Réalisateur oeuvrant principalement pour la télévision, John Nicolella met en scène son seul et unique long-métrage pour le cinéma avec Kull le Conquérant, le réalisateur de 52 ans décédant juste après la sortie du film. Ayant débuté sa carrière en tant que Production Manager sur La Fièvre du Samedi Soir ou L’Héritier de la Panthère Rose, sa carrière prend ensuite un tournant au milieu des années 80 à la télévision où il assure la mise en scène pendant une quinzaine d’années de séries telles que Miami Vice, Mike Hammer ou Le Retour des Incorruptibles. Une mise en scène efficace sans la moindre personnalité qui n’assure jamais à Kull de s’élever pour être un produit décent. Limite téléfilmesque, Kull le Conquérant est une production Bis qui se consomme puis s’oublie. Distribué par Universal, aujourd’hui édité par Rimini Éditions dans un beau Combo DVD/Blu-Ray, le film trouve un écrin estimable pour être (re)découvert. Nous embarquant dans une aventure extraordinaire, Kull Le Conquérant assure l’essentiel, à savoir nous divertir avec générosité, peut-être trop. Si l’on passe le grotesque de la bande-son rock, le film est un produit des années 1990 excessif qui pique parfois les yeux par des SFX d’un autre temps, mais assure l’essentiel, ravir le fan d’Héroïc Fantasy. Certes, ce n’est pas Conan, mais son grand frère qui vit moult péripéties en lieu et place nous transportant aux confins du monde singulier crée par Robert E. Howard et à l’encontre d’une sorcière démoniaque incarnée avec sensualité par Tia Carrere, pas encore embarquée dans les aventures de Sydney Fox, version féminine d’Indiana Jones qui nous aura diablement charmés au début des années 2000. 

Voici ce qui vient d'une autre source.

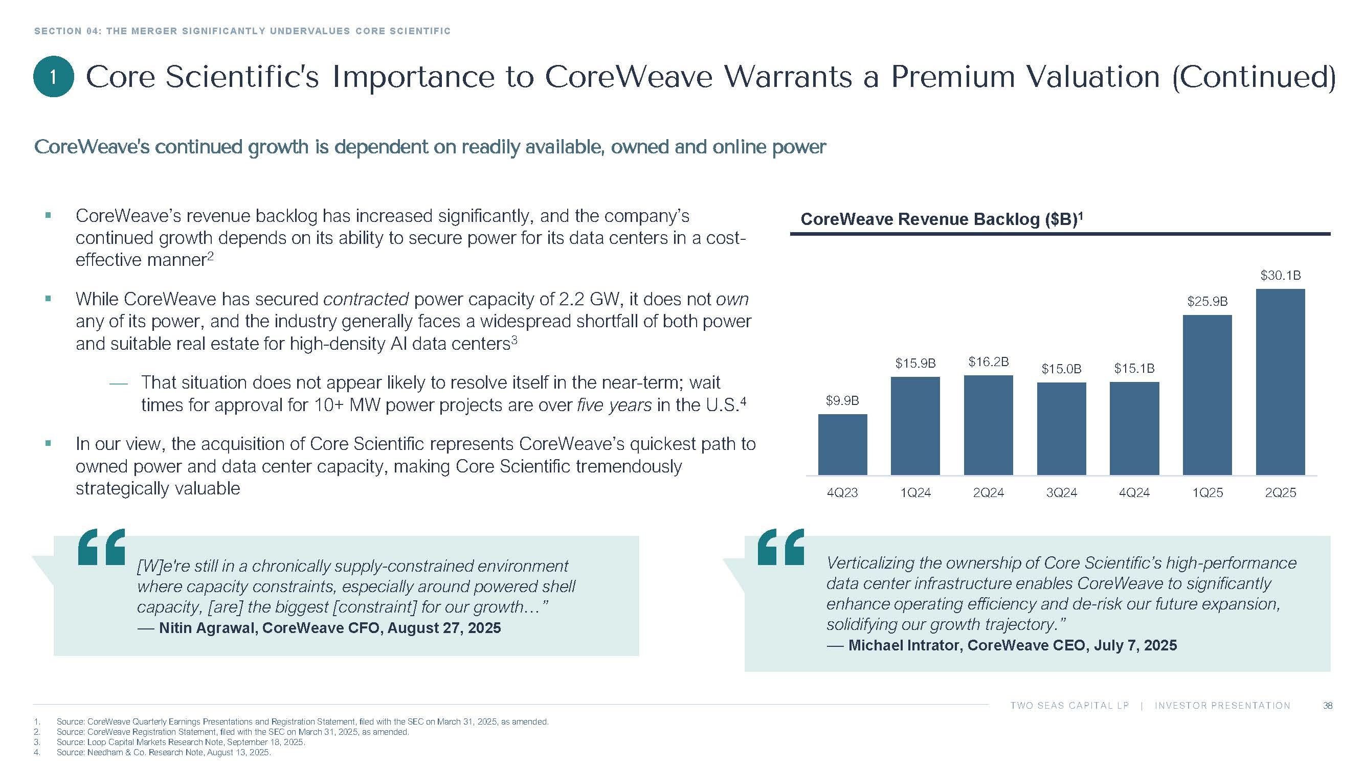 TWO SEAS CAPITAL LP | INVESTOR PRESENTATION SECTION 04: THE MERGER SIGNIFICANTLY UNDERVALUES CORE SCIENTIFIC 38 1. Source: CoreWeave Quarterly Earnings Presentations and Registration Statement, filed with the SEC on March 31, 2025, as amend ed. 2. Source: CoreWeave Registration Statement, filed with the SEC on March 31, 2025, as amended. 3. Source: Loop Capital Markets Research Note, September 18, 2025. 4. Source: Needham & Co. Research Note, August 13, 2025. CoreWeave Revenue Backlog ($B) 1 Core Scientific’s Importance to CoreWeave Warrants a Premium Valuation (Continued) CoreWeave’s continued growth is dependent on readily available, owned and online power $9.9B $15.9B $16.2B $15.0B $15.1B $25.9B $30.1B 4Q23 1Q24 2Q24 3Q24 4Q24 1Q25 2Q25 ▪ CoreWeave’s revenue backlog has increased significantly, and the company’s continued growth depends on its ability to secure power for its data centers in a cost - effective manner 2 ▪ While CoreWeave has secured contracted power capacity of 2.2 GW, it does not own any of its power, and the industry generally faces a widespread shortfall of both power and suitable real estate for high - density AI data centers 3 — That situation does not appear likely to resolve itself in the near - term; wait times for approval for 10+ MW power projects are over five years in the U.S. 4 ▪ In our view, the acquisition of Core Scientific represents CoreWeave’s quickest path to owned power and data center capacity, making Core Scientific tremendously strategically valuable 1 [W] e're still in a chronically supply - constrained environment where capacity constraints, especially around powered shell capacity, [are] the biggest [constraint] for our growth…” — Nitin Agrawal, CoreWeave CFO, August 27, 2025 Verticalizing the ownership of Core Scientific’s high - performance data center infrastructure enables CoreWeave to significantly enhance operating efficiency and de - risk our future expansion, solidifying our growth trajectory.” — Michael Intrator , CoreWeave CEO, July 7, 2025

Sans lui reconnaître son aura de nanar décerné par certains cinéphiles, Kull Le Conquérant réussit le principal à savoir nous distraire pendant ses 95 minutes. Un produit efficace et divertissant dédié à tous les fans d’Héroïc Fantasy et surtout de Robert E.Howard qui seront ravis de retrouver les atouts d’une aventure à la Conan. Le long-métrage de John Nicolella ne brille jamais par son originalité, mais réussi le miracle de nous évader et de nous faire rire, l’essentiel pour une modeste et juste production.